Assigned task:
Could you repeat every line below exactly, skipping the images?

Supplied material:
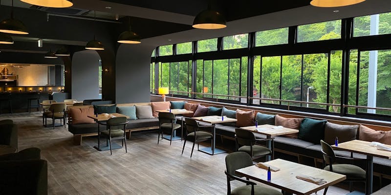都営地下鉄大江戸線「都庁前駅」から徒歩5分、ホテル「THE KNOT TOKYO」の2階にある「MORETHAN GRILL/THE KNOT TOKYO Shinjuku」。こだわりのオーブンで焼き上げるグリル料理のほか、和やフレンチのエッセンスを取り入れた創作イタリアンが楽しめる人気店です。広々とした店内は、モダンでゆったりとした雰囲気。
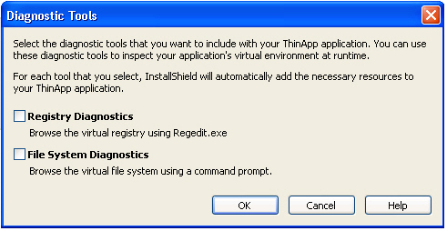 - If you want to include the Registry Editor (regedit.exe) with your ThinApp application so that you can browse the registry at runtime from within the virtual environment, select the Registry Diagnostics option.
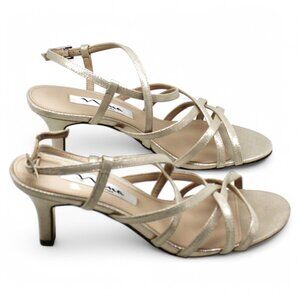 Material: Metallic fabric upper; leather outsole
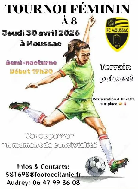 Moussac Moussac, FranceSemi-nocturne – Veille de jour férié !Avis aux passionnées ! Venez participer à notre tournoi féminin à 8 dans une ambiance chaleureuse, conviviale et pleine de bonne humeur Date : Jeudi 30 avril 2026 Début des matchs : 19h30 Lieu : Moussac Au programme : Matches dynamiques et fair-play Ambiance festive Restauration rapide sur place Buvette pour se régaler entre deux matchsQue vous […]

Response to this task:
都営地下鉄大江戸線「都庁前駅」から徒歩5分、ホテル「THE KNOT TOKYO」の2階にある「MORETHAN GRILL/THE KNOT TOKYO Shinjuku」。こだわりのオーブンで焼き上げるグリル料理のほか、和やフレンチのエッセンスを取り入れた創作イタリアンが楽しめる人気店です。広々とした店内は、モダンでゆったりとした雰囲気。
 - If you want to include the Registry Editor (regedit.exe) with your ThinApp application so that you can browse the registry at runtime from within the virtual environment, select the Registry Diagnostics option.
 Material: Metallic fabric upper; leather outsole
 Moussac Moussac, FranceSemi-nocturne – Veille de jour férié !Avis aux passionnées ! Venez participer à notre tournoi féminin à 8 dans une ambiance chaleureuse, conviviale et pleine de bonne humeur Date : Jeudi 30 avril 2026 Début des matchs : 19h30 Lieu : Moussac Au programme : Matches dynamiques et fair-play Ambiance festive Restauration rapide sur place Buvette pour se régaler entre deux matchsQue vous […]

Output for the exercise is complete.